## Exercise requirements:
Although the entries contain pictures, only their words should be duplicated exactly.

## Records to use:

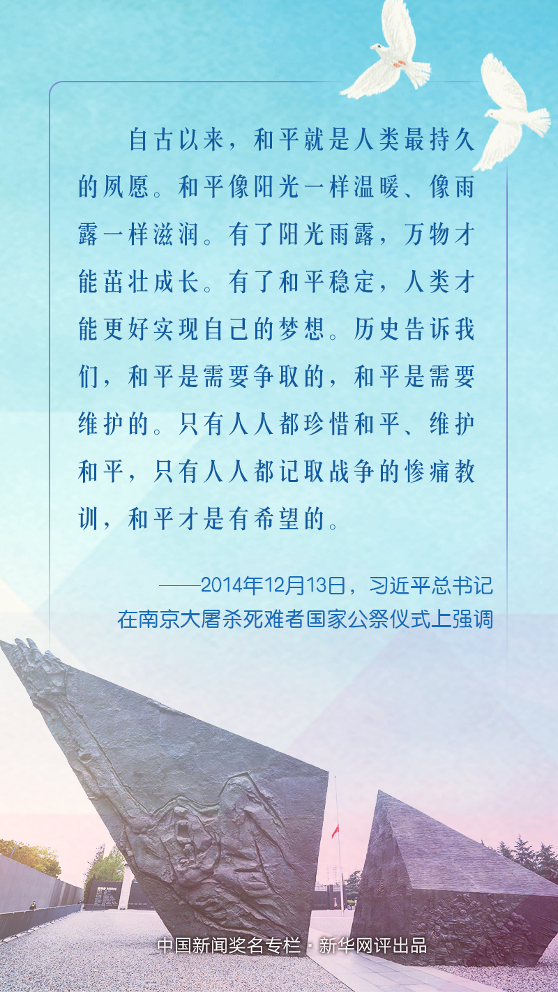 和平是人類的永恒期望。今天,和平與發展已經成為時代主題,但世界仍很不太平,戰爭的達摩克利斯之劍依然懸在人類頭上。歷史告訴我們,和平需要爭取,更需要維護。只有人人都珍惜和平、維護和平,只有人人都汲取戰爭的慘痛教訓,和平才會更有希望。我們要以史為鑒,堅定維護和平的決心,堅定不移走和平發展道路,才能推動建設持久和平、普遍安全、共同繁榮、開放包容、清潔美麗的新世界,讓和平的陽光永遠普照人類生活的星球。
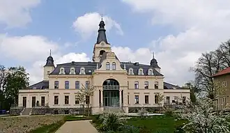 Schon 1873 veräußerte von Roon sein Schloss an den Bankier Gerson von Bleichröder, dieser bestimmte dazu formell keinen Erben.[4] Aber er leitete alsbald eine Neugestaltung des Herrenhauses in Formen der französischen, deutschen und italienischen Neorenaissance in die Wege. Der Bauherr ließ sich bei der Planung offenbar vom Umbau des Schloss Ferrières anregen, den der von ihm verehrte Jakob Rothschild 1855 in Auftrag gegeben hatte. Den Park gestaltete der königliche Oberhofgärtner Theodor II. Nietner um.[5]
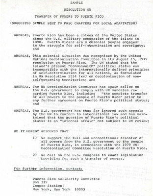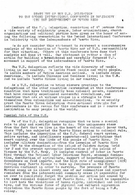 This four-page typed document is a statement from the United States delegation presented at the Second International Conference in Solidarity with the Independence of Puerto Rico, held in Mexico City November 30th to December 2nd, 1979. It provides a history of U.S. colonial rule in Puerto Rico and the negative impacts this has had on its people. It also discusses the role of propaganda in the U.S. which has kept many ignorant of U.S. imperialism and states the importance of educating the American people.
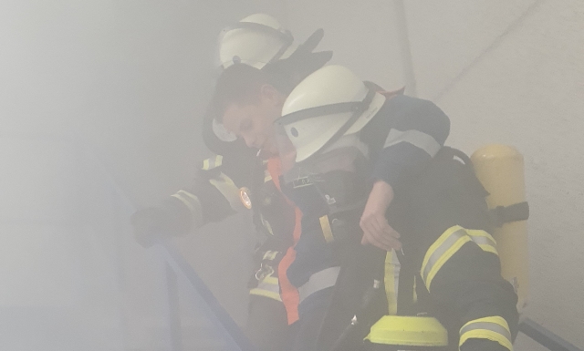 Mitarbeiter vor Ort informierten die Einheiten schnell darüber, dass noch drei Personen im Gebäude vermisst wurden. Aufgrund dieser Information wurde eine weitere Erhöhung des Alarmstichworts auf F4Y über die Übungsleitstelle veranlasst.
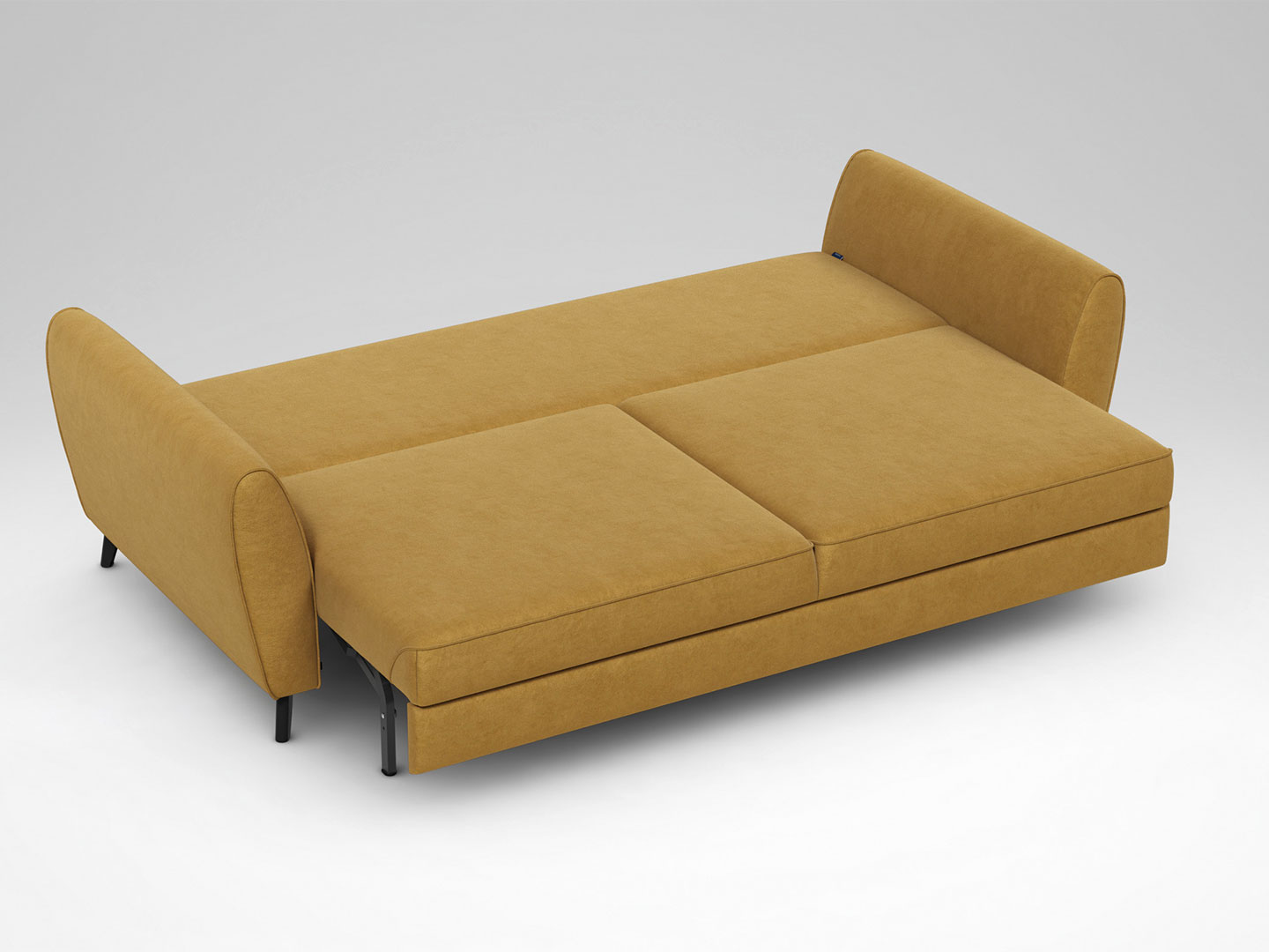 Выбор цвета опор — Графит, Хром, Беж и Шоколад позволяет создать максимально эстетичный интерьер. Спинка, выполненная в обивочной ткани, позволяет ставить диван в центре комнаты и зонировать пространство. Благодаря отсутствию задней спинки, к дивану в разобранном виде, можно подойти с разных сторон, как к кровати.

## Solution for this problem:
 和平是人類的永恒期望。今天,和平與發展已經成為時代主題,但世界仍很不太平,戰爭的達摩克利斯之劍依然懸在人類頭上。歷史告訴我們,和平需要爭取,更需要維護。只有人人都珍惜和平、維護和平,只有人人都汲取戰爭的慘痛教訓,和平才會更有希望。我們要以史為鑒,堅定維護和平的決心,堅定不移走和平發展道路,才能推動建設持久和平、普遍安全、共同繁榮、開放包容、清潔美麗的新世界,讓和平的陽光永遠普照人類生活的星球。
 Schon 1873 veräußerte von Roon sein Schloss an den Bankier Gerson von Bleichröder, dieser bestimmte dazu formell keinen Erben.[4] Aber er leitete alsbald eine Neugestaltung des Herrenhauses in Formen der französischen, deutschen und italienischen Neorenaissance in die Wege. Der Bauherr ließ sich bei der Planung offenbar vom Umbau des Schloss Ferrières anregen, den der von ihm verehrte Jakob Rothschild 1855 in Auftrag gegeben hatte. Den Park gestaltete der königliche Oberhofgärtner Theodor II. Nietner um.[5]
 This four-page typed document is a statement from the United States delegation presented at the Second International Conference in Solidarity with the Independence of Puerto Rico, held in Mexico City November 30th to December 2nd, 1979. It provides a history of U.S. colonial rule in Puerto Rico and the negative impacts this has had on its people. It also discusses the role of propaganda in the U.S. which has kept many ignorant of U.S. imperialism and states the importance of educating the American people.
 Mitarbeiter vor Ort informierten die Einheiten schnell darüber, dass noch drei Personen im Gebäude vermisst wurden. Aufgrund dieser Information wurde eine weitere Erhöhung des Alarmstichworts auf F4Y über die Übungsleitstelle veranlasst.
 Выбор цвета опор — Графит, Хром, Беж и Шоколад позволяет создать максимально эстетичный интерьер. Спинка, выполненная в обивочной ткани, позволяет ставить диван в центре комнаты и зонировать пространство. Благодаря отсутствию задней спинки, к дивану в разобранном виде, можно подойти с разных сторон, как к кровати.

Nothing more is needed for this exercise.